- [Work task] Would you print the lines below exactly, beginning at the line that has "行业主要上市公司:上港集团(600018" and stopping after the line that has "文创店老板冤枉8岁女孩偷东西引众怒,公开道歉了!"? Only those lines, and no pictures.

───── Data for this task ─────

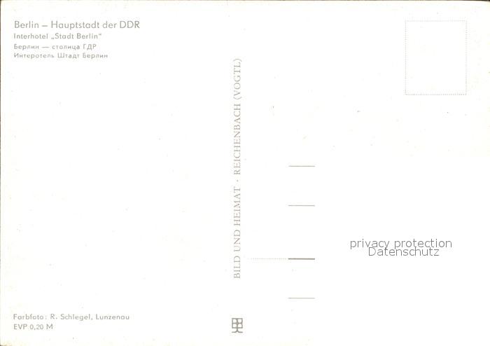 72045695 BERLIN CITY Interhotel Stadt Berlin postalisch nicht gelaufen Erhaltung siehe scans KatCode: 11110011000000
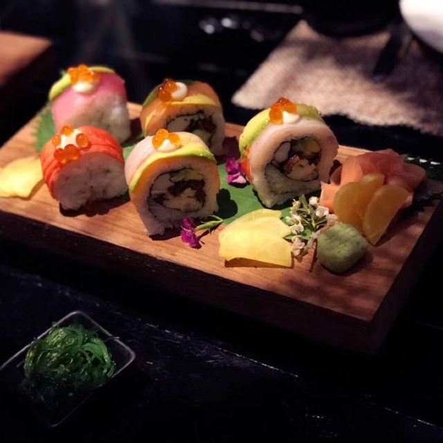 Kurobuta Pork Belly Wrap,Shrimp and Scallop,Grilled Eggplant,Crab Fried Rice,咖喱螃蟹,烤鸡肉串,咖喱肉串,煎三文鱼,生鱼片拼盘,Tapioca Pudding,Homemade Mochi
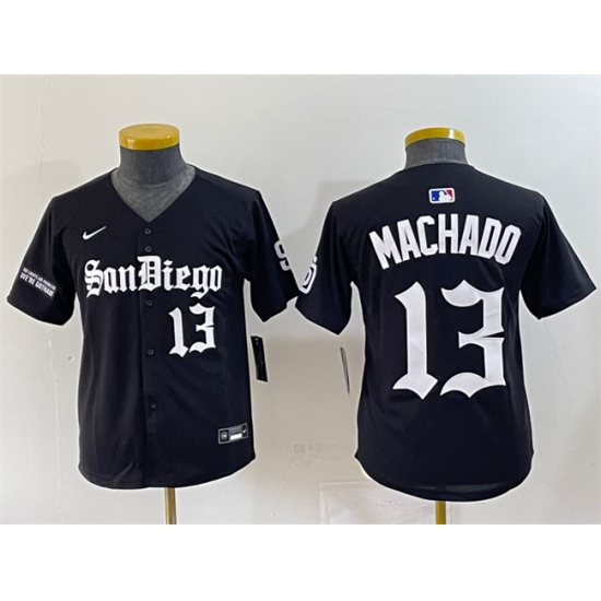 Youth San Diego Padres #13 Manny Machado Black Gothic Edition Vapor Limited Stitched Baseball Jersey
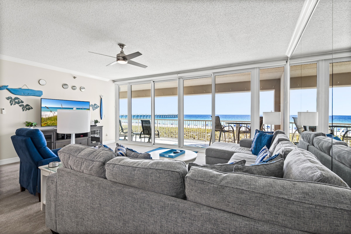 Spacious 3/3 beachfront living at Navarre Beach on The Gulf. Large panoramic windows and private circular beachfront balconies. Large open concept living area is recently remodeled and has "beachy" decor. Seating for 8. Smart tvs in living room, queen and twin rooms, with DirectTV. Tranquil, sea-side drive along uninhabited Gulf Islands National Seashore from Navarre Beach to Pensacola beach. May occasionally see the Blue Angel's or Fat Albert do a fly-by
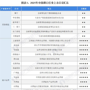 行业主要上市公司:上港集团(600018)、天津港(600717)、宁波港(600576)、日照港(600017)、辽港股份(601880)等
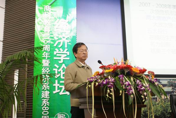 首先,黄桂田教授发表题为《相对价格变动下的中国劳动密集型产业发展》的演讲报告。报告关注当今国际金融危及影响下的中国劳动密集型产业发展,并围绕三方面展开。第一方面,黄教授就30年后中国劳动密集型产业有无发展前景展开了深入分析。第二方面,报告着眼于30年后中国劳动密集型产业如何定位。第三方面,报告放眼于中国劳动密集型产业的发展。在演讲过程中,黄教授向听众提出了不同的课题与问题,与听众展开了思维互动,引人展开深入思考并耐人寻味,博得了听众的热烈掌声。
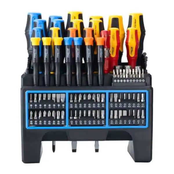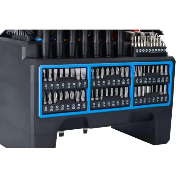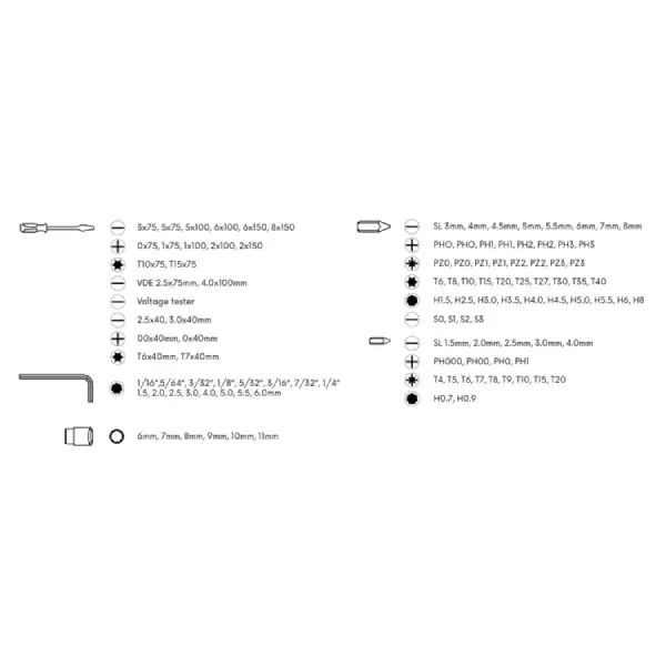 • Set obuhvata i mini odvijače sa adapterima za finu mehaniku, kao i imbus ključeve u metarskim i colovnim dimenzijama, što ga čini izuzetno svestranim izborom za širok spektar poslova – od popravki elektronike do radova u radionici i na terenu.
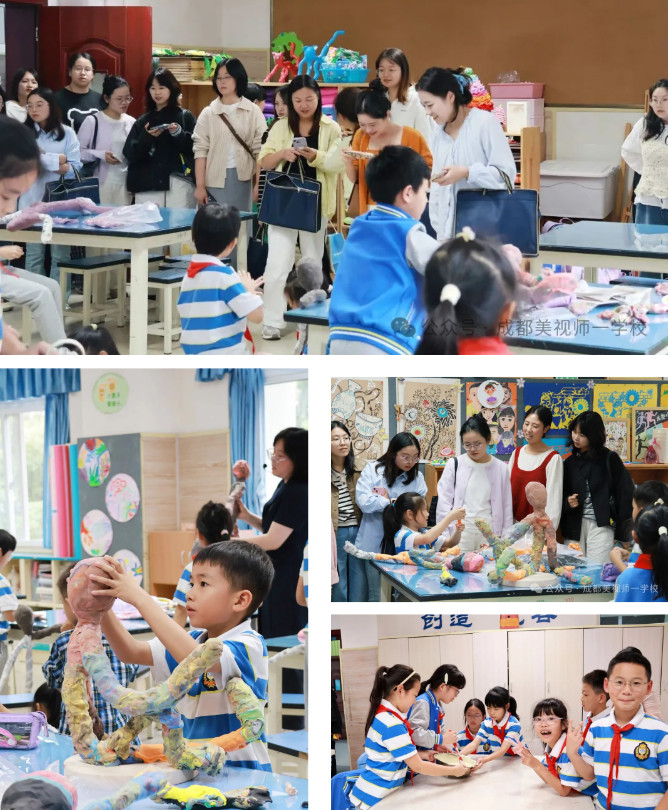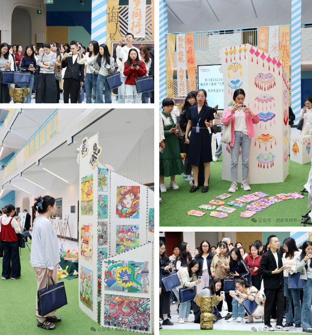 隨后,大家現場觀摩主題為“青銅回響·藝繪新章”學生創意繪畫、手工展,直觀感受我校美育工作的實際開展情況。
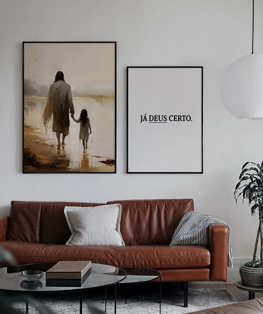 Repare no tamanho dos quadros em relação ao sofá de 2,5 m de largura (imagem abaixo) e à mulher de 1,65 m de altura (imagem abaixo). Isso também vai te dar uma boa noção na hora de fazer a sua escolha. Para outros tamanhos, consulte via WhatsApp.
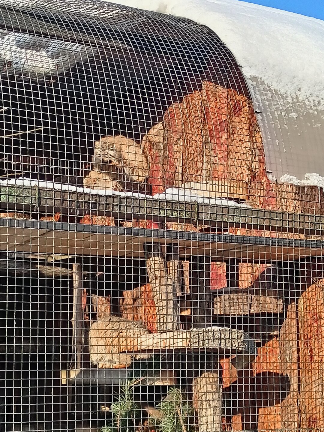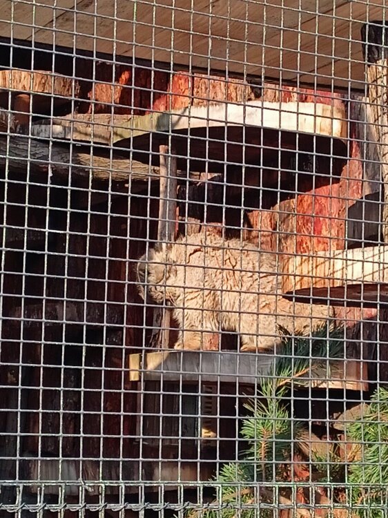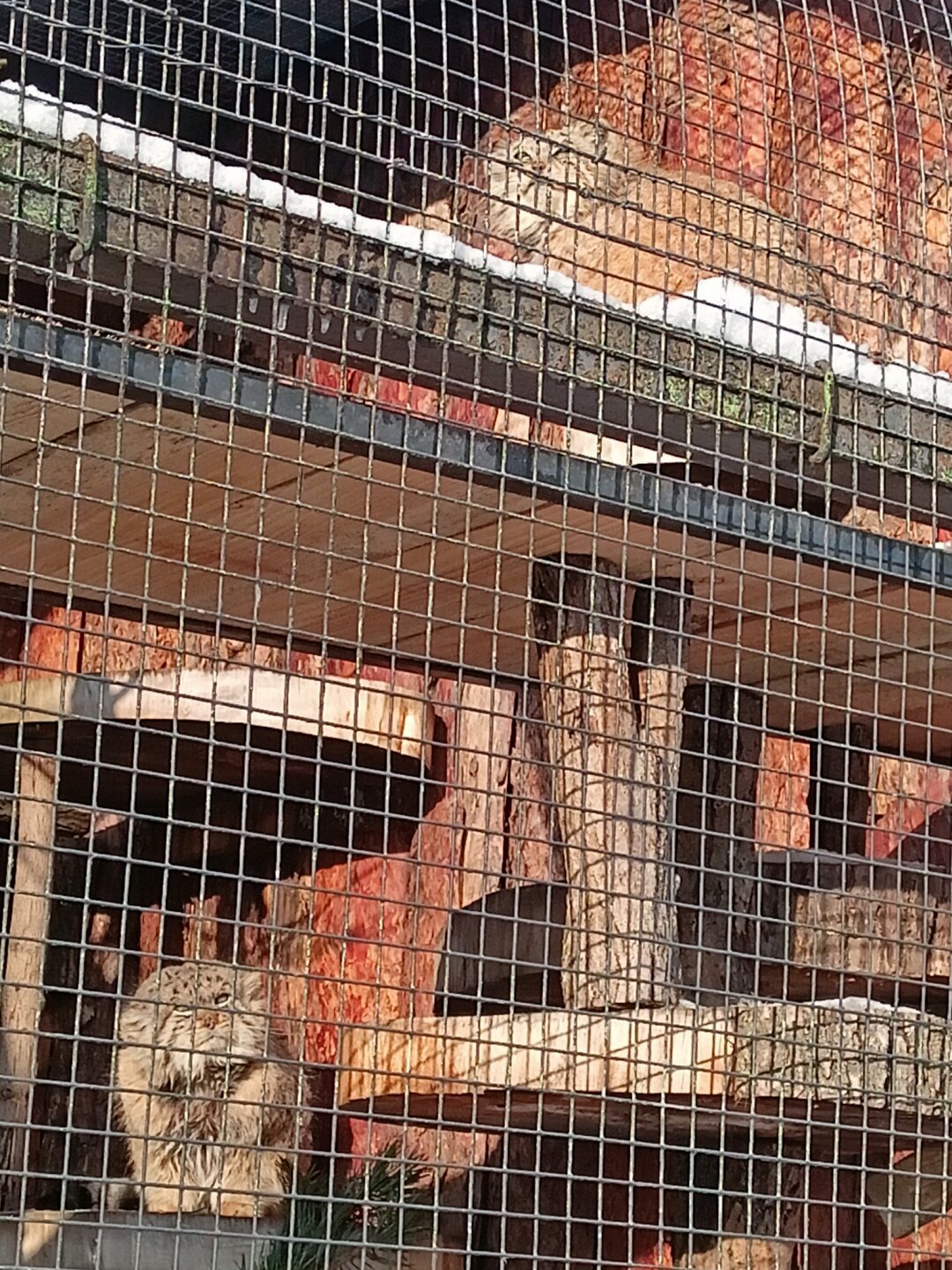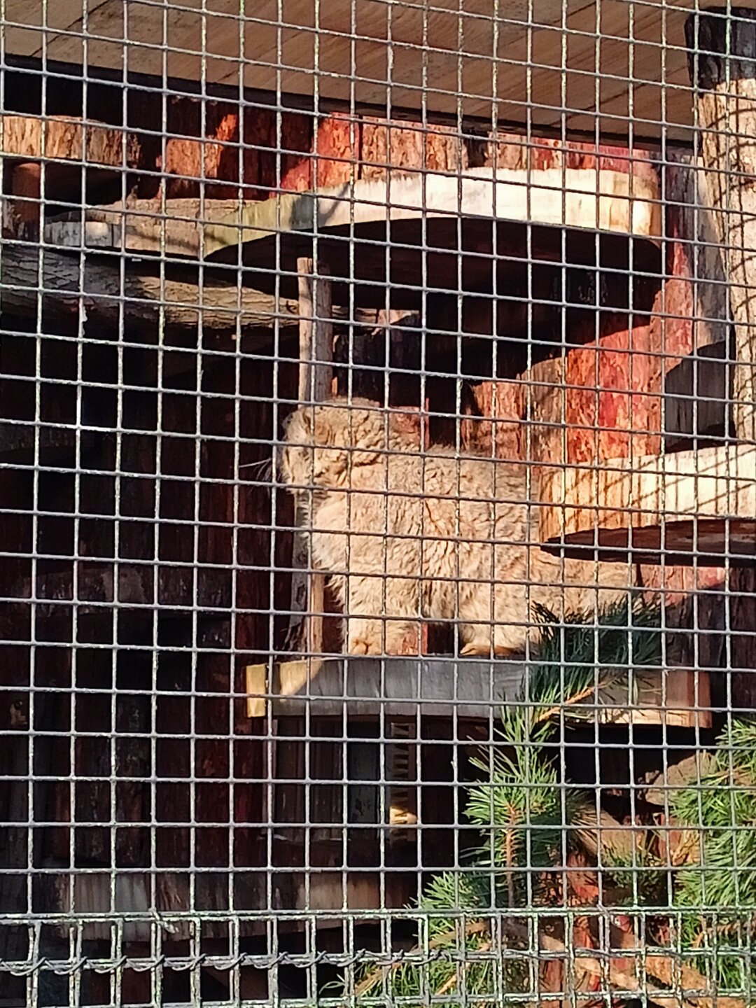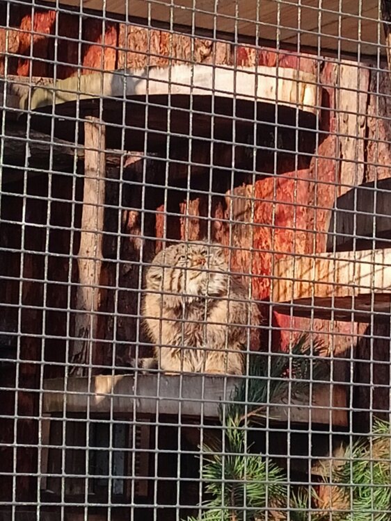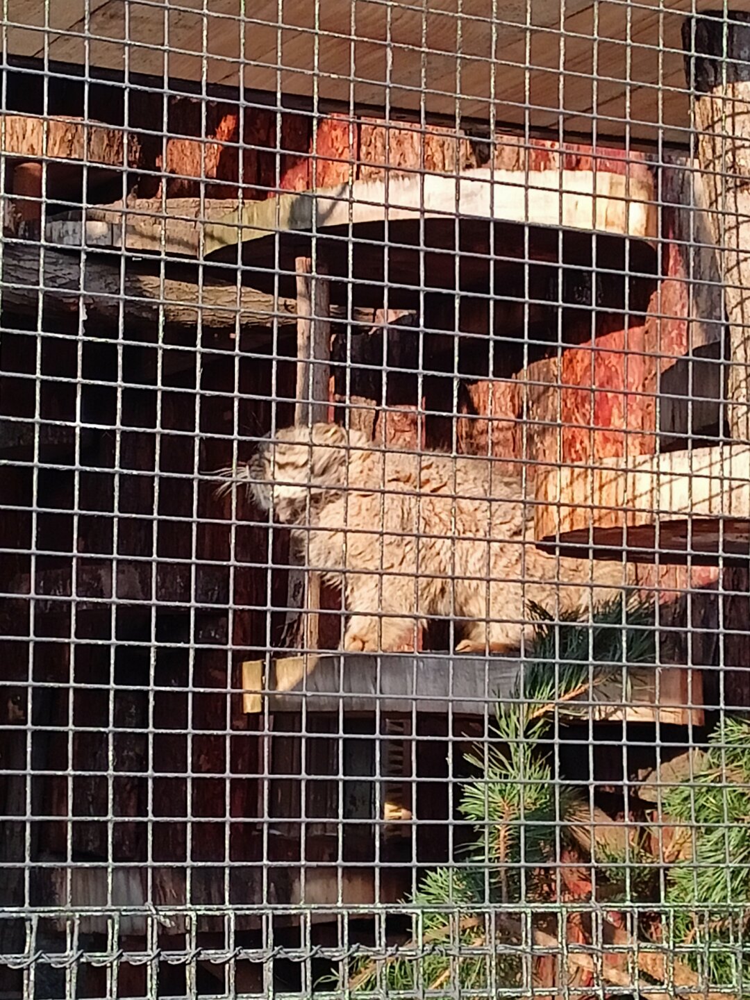 2. В первый день я отлично провела время с манульчиками. И мне непременно захотелось их вновь посетить. С утра была очень плохая видимость. Наверно высокая влажность и мороз давали эффект пелены. Но выйдя из музея и приехав в Лензоо я обнаружила яркое светящееся солнце и облачность развеялась. Намика и Свэн чрезмерно активны. Он постоянно за ней бегал, а она то шипелс на него, то била лапкой , но если он оскорбленный уходил к себе, то она шла его искать. Столько времени мне удалось провести в их компании. Они оба освещены солнцем. Морозно, а они греются в его лучах. Намика специально бегала по самым высоким полочкам, а Свэн и медленнее и ему не под силу высоку взбираться. А какие песни он пел для жены. А она ... 😈 А что же Шуня. А он ни разу не показался. Дремал, мечтал о встрече с Пепе. Ненадолго покидала манулов,чтоб найти красивых лисиц - Персея и Джинджер (она все время спала, свернувшись в клубок), а также поесть в местной столовой (мне понравилось). На сей раз я времени провела с ними побольше, чем в первый день. Но под конец Свэн окончательно удалился в домик, а Намике стало скучно без Свэна, пыталась его вызволить. Но безуспешно. Свэн готовится к вечерним догонялкам))) Время неумолимо, надо идти дальше, а Шуни все нет . И вот иду по направлению в Петропавловкой крепости, а от манулов есть пространство прям на дорогу, и что я вижу - Шунечка соизволил выйти (фото в конце, где ограда зоо и дальняя округлая фигура Шу)
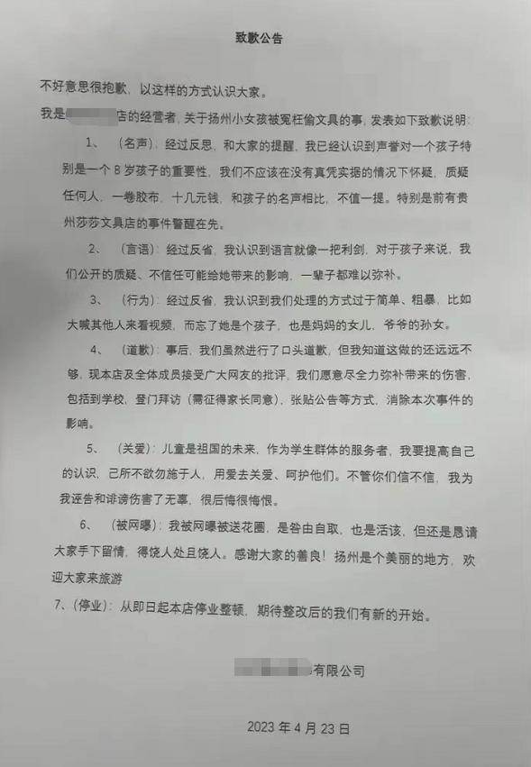 文创店老板冤枉8岁女孩偷东西引众怒,公开道歉了!
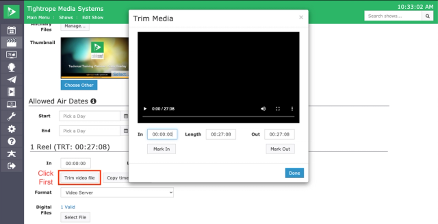 Added in Cablecast 7.2, you now have the ability to PREVIEW and TRIM your files directly within the user interface. This new feature is added within the Show Record when you are linking a file to the record. This is also very helpful when you are recording live events directly to the server.
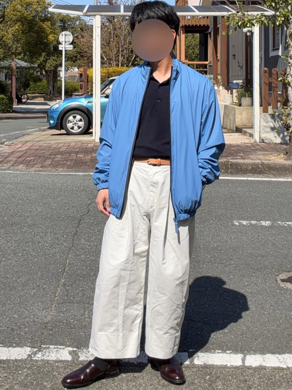 ZARAの青ジャケット、UNIQLOのニットポロセーター、WYM の白タックワイドパンツを使って明るめモノトーンコーデを組んでみました。 またベルトはUNIQLOのベージュカラーのベルトを使ってコーデ 全体の差し色として加えてみました。
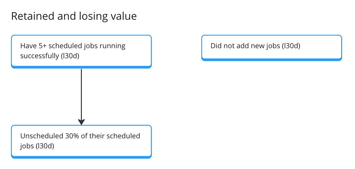 Have 5+ scheduled jobs running successfully (for l30d) - this can already become our “returning value” state. People who successfully run many scheduled jobs get value from the platform.
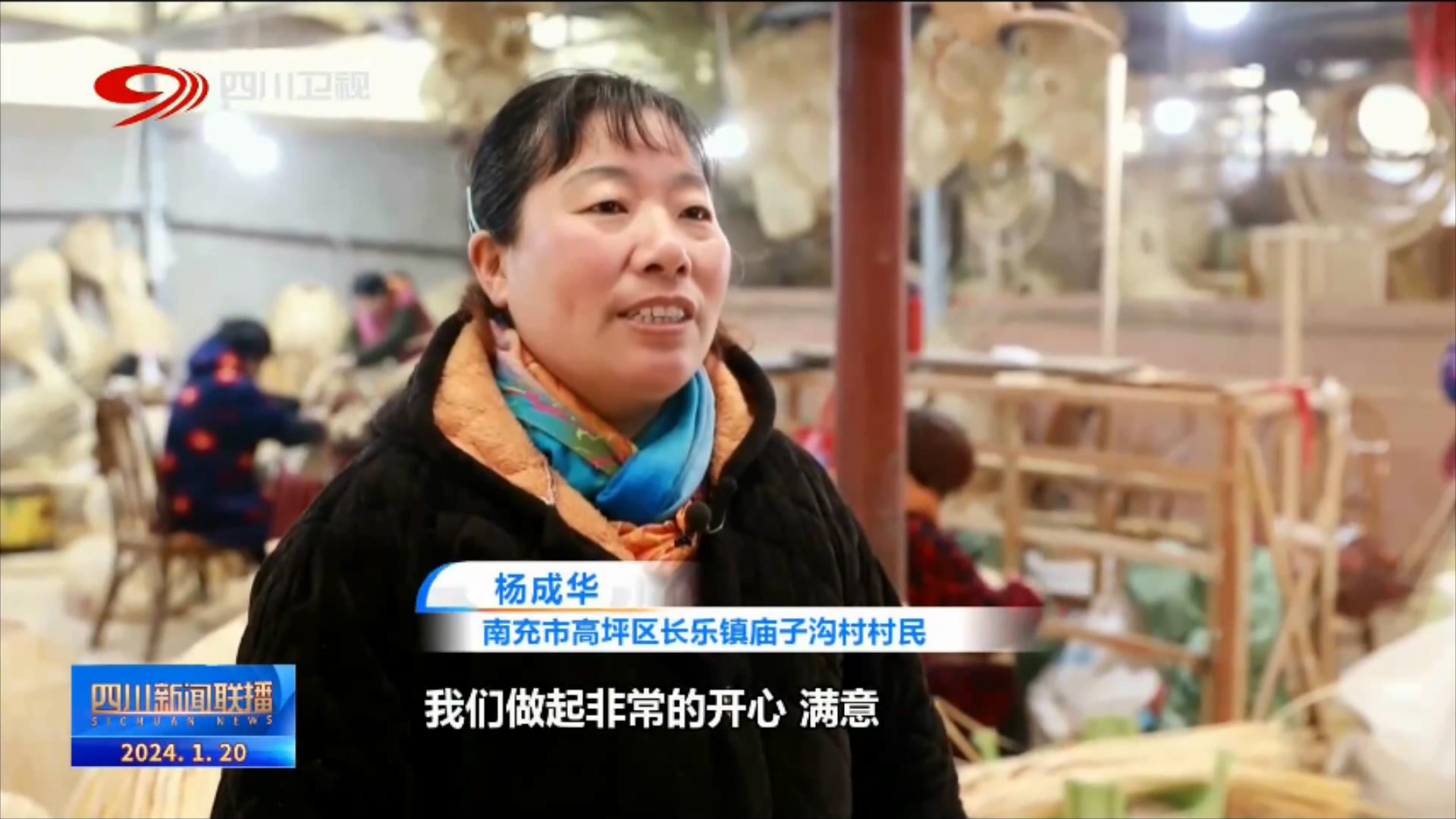 南充市高坪區(qū)長(zhǎng)樂(lè)鎮(zhèn)廟子溝村村民 楊成華:工資一個(gè)月有三千多至四千,我們做起非常的開(kāi)心、滿意。在廠頭可以編,在家里也可以編,老人小孩都照看了。

─────

- [Output for this exercise]
 行业主要上市公司:上港集团(600018)、天津港(600717)、宁波港(600576)、日照港(600017)、辽港股份(601880)等
 首先,黄桂田教授发表题为《相对价格变动下的中国劳动密集型产业发展》的演讲报告。报告关注当今国际金融危及影响下的中国劳动密集型产业发展,并围绕三方面展开。第一方面,黄教授就30年后中国劳动密集型产业有无发展前景展开了深入分析。第二方面,报告着眼于30年后中国劳动密集型产业如何定位。第三方面,报告放眼于中国劳动密集型产业的发展。在演讲过程中,黄教授向听众提出了不同的课题与问题,与听众展开了思维互动,引人展开深入思考并耐人寻味,博得了听众的热烈掌声。
 • Set obuhvata i mini odvijače sa adapterima za finu mehaniku, kao i imbus ključeve u metarskim i colovnim dimenzijama, što ga čini izuzetno svestranim izborom za širok spektar poslova – od popravki elektronike do radova u radionici i na terenu.
 隨后,大家現場觀摩主題為“青銅回響·藝繪新章”學生創意繪畫、手工展,直觀感受我校美育工作的實際開展情況。
 Repare no tamanho dos quadros em relação ao sofá de 2,5 m de largura (imagem abaixo) e à mulher de 1,65 m de altura (imagem abaixo). Isso também vai te dar uma boa noção na hora de fazer a sua escolha. Para outros tamanhos, consulte via WhatsApp.
 2. В первый день я отлично провела время с манульчиками. И мне непременно захотелось их вновь посетить. С утра была очень плохая видимость. Наверно высокая влажность и мороз давали эффект пелены. Но выйдя из музея и приехав в Лензоо я обнаружила яркое светящееся солнце и облачность развеялась. Намика и Свэн чрезмерно активны. Он постоянно за ней бегал, а она то шипелс на него, то била лапкой , но если он оскорбленный уходил к себе, то она шла его искать. Столько времени мне удалось провести в их компании. Они оба освещены солнцем. Морозно, а они греются в его лучах. Намика специально бегала по самым высоким полочкам, а Свэн и медленнее и ему не под силу высоку взбираться. А какие песни он пел для жены. А она ... 😈 А что же Шуня. А он ни разу не показался. Дремал, мечтал о встрече с Пепе. Ненадолго покидала манулов,чтоб найти красивых лисиц - Персея и Джинджер (она все время спала, свернувшись в клубок), а также поесть в местной столовой (мне понравилось). На сей раз я времени провела с ними побольше, чем в первый день. Но под конец Свэн окончательно удалился в домик, а Намике стало скучно без Свэна, пыталась его вызволить. Но безуспешно. Свэн готовится к вечерним догонялкам))) Время неумолимо, надо идти дальше, а Шуни все нет . И вот иду по направлению в Петропавловкой крепости, а от манулов есть пространство прям на дорогу, и что я вижу - Шунечка соизволил выйти (фото в конце, где ограда зоо и дальняя округлая фигура Шу)
 文创店老板冤枉8岁女孩偷东西引众怒,公开道歉了!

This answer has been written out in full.